2018-01-10 12:21 GMT+01:00 Piotr Nowojski <pi...@data-artisans.com>:

> Hi,
>
> Could you elaborate what is the problem that you are having? What is the
> exception(s) that you are getting? I have tested such simple example and
> it’s seems to be working as expected:
>
> DataStreamSource<Integer> input = env.fromElements(1, 2, 3, 4, 5, 1, 2, 3);
>
> DataStreamSource<Integer> confStream = env.fromElements(42);
>
> input.keyBy(new MyKeySelector()).connect(confStream.broadcast()).process(new MyCoProcessFunction()).print();
>
>
> Thanks, Piotrek
>
> On 10 Jan 2018, at 10:01, anujk <ku...@gmail.com> wrote:
>
> Currently we have an Flink pipeline running with Data-Src —> KeyBy —>
> ProcessFunction.  State Management (with RocksDB) and Timers are working
> well.
> Now we have to extend this by having another Config Stream which we want to
> broadcast to all process operators. So wanted to connect the Data Stream
> with Config Stream (with Config Stream being broadcast) and use
> CoProcessFunction to handle both streams.
>
> KeyBy uses Hash based partitioning and also if we write CustomPartitioner
> it
> can return only one partition (Array of SelectedChannel option as in
> BroadcastPartitioner is not allowed).
> Would have liked this to work —
> dataStream.keyBy().connect(confStream.broadcast()).process(…
> RichCoProcessFunction()…)
> but it says both stream must be keyed.
>
> Is there any way to make this work?
>
> dataStream.connect(confStream.broadcast()).flatMap(...
> RichCoFlatMapFunction() …) ==> broadcast works.
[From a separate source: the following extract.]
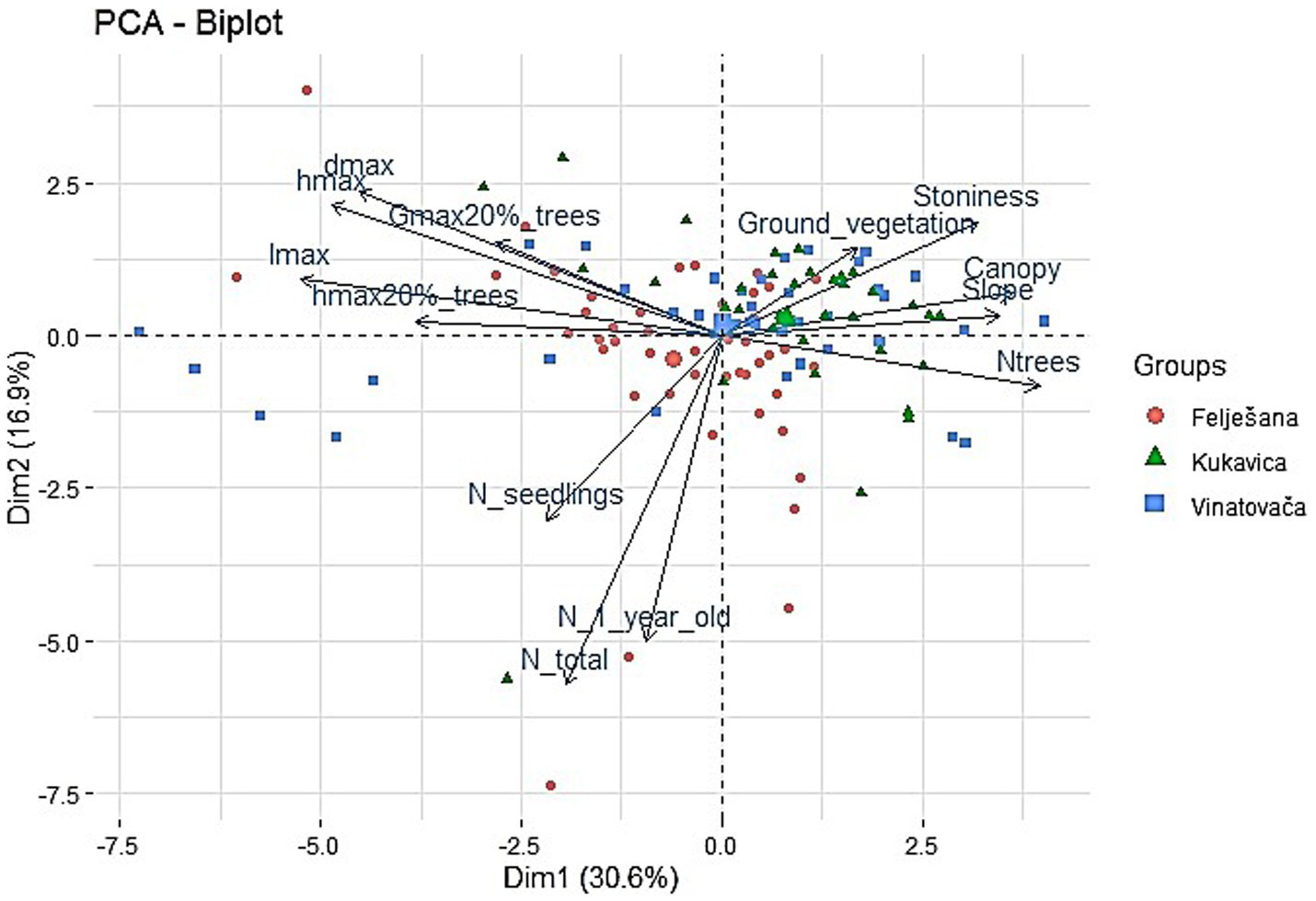 Principal component analysis (PCA) was used to analyze relationships between stand parameters (number of trees on a circular sample plot (N_trees), basal area of the 20% of largest trees (Gmax20%_trees), total height of the 20% largest trees (hmax20%_trees) and canopy), regeneration layer (the number of one-year-old seedlings (N_1_year_old), number of older seedlings (N_seedlings), total number of seedlings (N_total), maximum diameter at root collar of seedlings (dmax), maximum height of seedlings (hmax), maximum height increment of seedlings (lmax) and the presence of ground vegetation (Ground_vegetation)) and research plot attributes (Slope, Stoniness). The results of the PCA were visually presented in the form of an ordination diagram. PCA analysis was performed using MASS (Venables and Ripley, 2002), factoextra (Kassambara and Mundt, 2020), and ggplot2 (Wickham, 2016) packages.

But we really want KeyBy
> and
> processFunction functionality.
>
> Thanks,
> Anuj
>
>
>
> --
> Sent from: http://apache-flink-user-mailing-list-archive.2336050.
> n4.nabble.com/
>
>
>

Re: Datastream broadcast with KeyBy

Posted by Piotr Nowojski <pi...@data-artisans.com>.
Hi,

Could you elaborate what is the problem that you are having? What is the exception(s) that you are getting? I have tested such simple example and it’s seems to be working as expected:

DataStreamSource<Integer> input = env.fromElements(1, 2, 3, 4, 5, 1, 2, 3);

DataStreamSource<Integer> confStream = env.fromElements(42);

input.keyBy(new MyKeySelector()).connect(confStream.broadcast()).process(new MyCoProcessFunction()).print();

Thanks, Piotrek

> On 10 Jan 2018, at 10:01, anujk <ku...@gmail.com> wrote:
> 
> Currently we have an Flink pipeline running with Data-Src —> KeyBy —>
> ProcessFunction.  State Management (with RocksDB) and Timers are working
> well.
> Now we have to extend this by having another Config Stream which we want to
> broadcast to all process operators. So wanted to connect the Data Stream
> with Config Stream (with Config Stream being broadcast) and use
> CoProcessFunction to handle both streams.
> 
> KeyBy uses Hash based partitioning and also if we write CustomPartitioner it
> can return only one partition (Array of SelectedChannel option as in
> BroadcastPartitioner is not allowed).
> Would have liked this to work —
> dataStream.keyBy().connect(confStream.broadcast()).process(…RichCoProcessFunction()…)
> but it says both stream must be keyed.
> 
> Is there any way to make this work?
> 
> dataStream.connect(confStream.broadcast()).flatMap(...
> RichCoFlatMapFunction() …) ==> broadcast works. But we really want KeyBy and
> processFunction functionality.
> 
> Thanks,
> Anuj
> 
> 
> 
> --
> Sent from: http://apache-flink-user-mailing-list-archive.2336050.n4.nabble.com/